TASK GOAL —
Reproduce verbatim the lines of the material below, starting at the line with "MAGNIFICO. Cert. COMEX." and ending at the line with "Passe uma noite", both inclusive; skip the rest.

DATA —
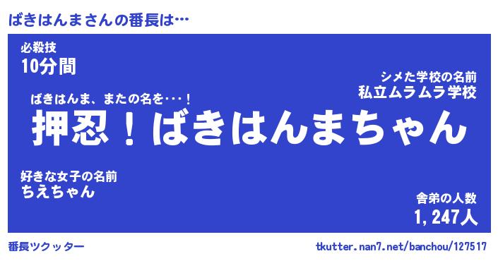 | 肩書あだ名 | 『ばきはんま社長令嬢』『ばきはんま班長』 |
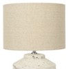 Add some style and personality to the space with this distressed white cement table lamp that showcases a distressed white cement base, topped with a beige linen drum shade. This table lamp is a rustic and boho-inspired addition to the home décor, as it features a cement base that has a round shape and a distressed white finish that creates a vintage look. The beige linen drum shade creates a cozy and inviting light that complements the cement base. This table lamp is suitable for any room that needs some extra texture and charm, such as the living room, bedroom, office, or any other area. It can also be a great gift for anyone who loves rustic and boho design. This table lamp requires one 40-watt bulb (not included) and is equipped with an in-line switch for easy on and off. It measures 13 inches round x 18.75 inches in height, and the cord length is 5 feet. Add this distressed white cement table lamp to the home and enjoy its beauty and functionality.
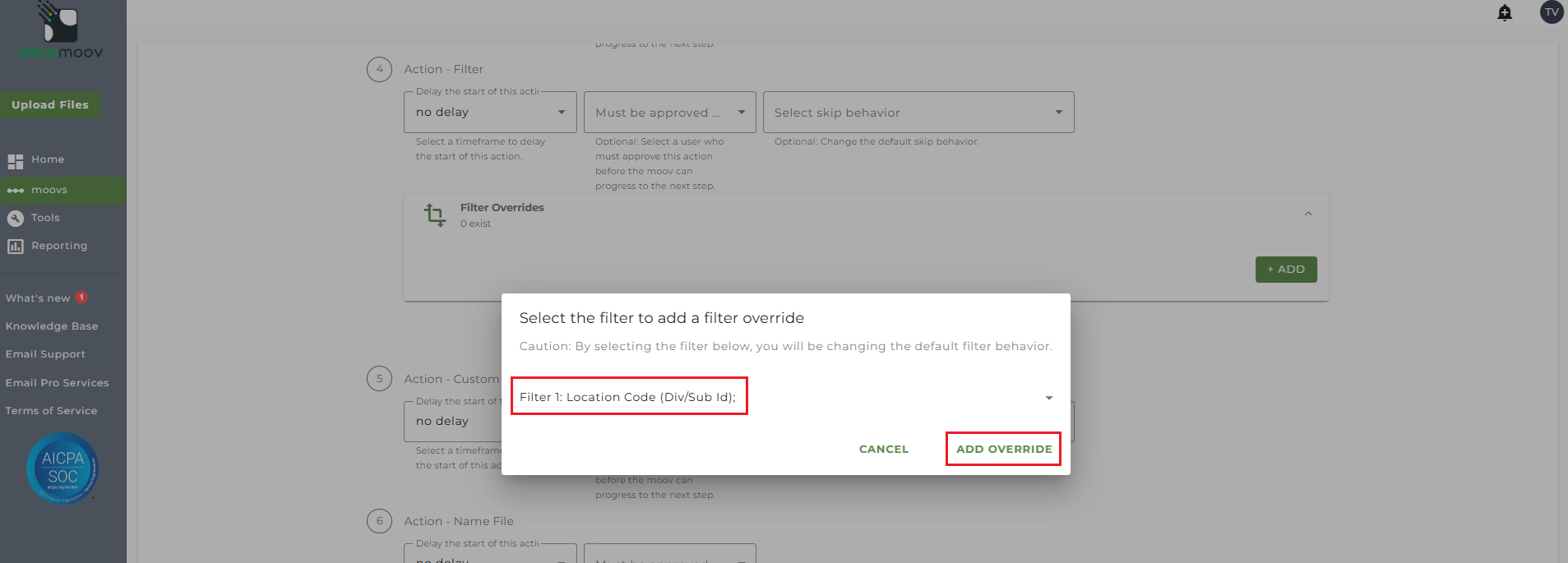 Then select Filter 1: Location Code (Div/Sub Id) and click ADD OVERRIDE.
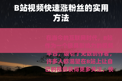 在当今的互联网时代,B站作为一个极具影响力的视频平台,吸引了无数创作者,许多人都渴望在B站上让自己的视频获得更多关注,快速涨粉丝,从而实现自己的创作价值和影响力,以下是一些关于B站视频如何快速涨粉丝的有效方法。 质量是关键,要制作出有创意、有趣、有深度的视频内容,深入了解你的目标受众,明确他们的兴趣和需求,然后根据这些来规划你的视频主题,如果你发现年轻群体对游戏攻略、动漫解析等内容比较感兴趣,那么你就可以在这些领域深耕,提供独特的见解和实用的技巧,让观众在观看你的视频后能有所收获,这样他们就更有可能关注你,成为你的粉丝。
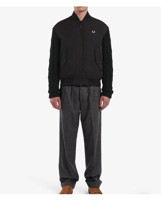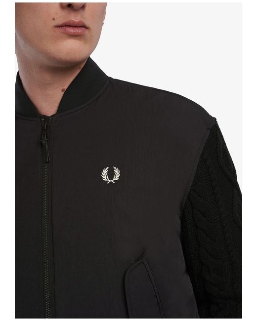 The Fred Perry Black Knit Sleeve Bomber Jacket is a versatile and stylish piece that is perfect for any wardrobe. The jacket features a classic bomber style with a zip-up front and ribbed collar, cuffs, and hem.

--

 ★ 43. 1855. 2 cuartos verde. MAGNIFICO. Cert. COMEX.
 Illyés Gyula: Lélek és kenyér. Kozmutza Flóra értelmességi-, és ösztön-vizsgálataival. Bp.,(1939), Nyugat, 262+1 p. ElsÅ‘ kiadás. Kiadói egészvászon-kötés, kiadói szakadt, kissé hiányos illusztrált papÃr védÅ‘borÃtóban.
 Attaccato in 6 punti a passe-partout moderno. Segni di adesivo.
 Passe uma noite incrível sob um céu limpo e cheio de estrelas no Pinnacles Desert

RESPONSE FOR THIS EXERCISE —
 ★ 43. 1855. 2 cuartos verde. MAGNIFICO. Cert. COMEX.
 Illyés Gyula: Lélek és kenyér. Kozmutza Flóra értelmességi-, és ösztön-vizsgálataival. Bp.,(1939), Nyugat, 262+1 p. ElsÅ‘ kiadás. Kiadói egészvászon-kötés, kiadói szakadt, kissé hiányos illusztrált papÃr védÅ‘borÃtóban.
 Attaccato in 6 punti a passe-partout moderno. Segni di adesivo.
 Passe uma noite incrível sob um céu limpo e cheio de estrelas no Pinnacles Desert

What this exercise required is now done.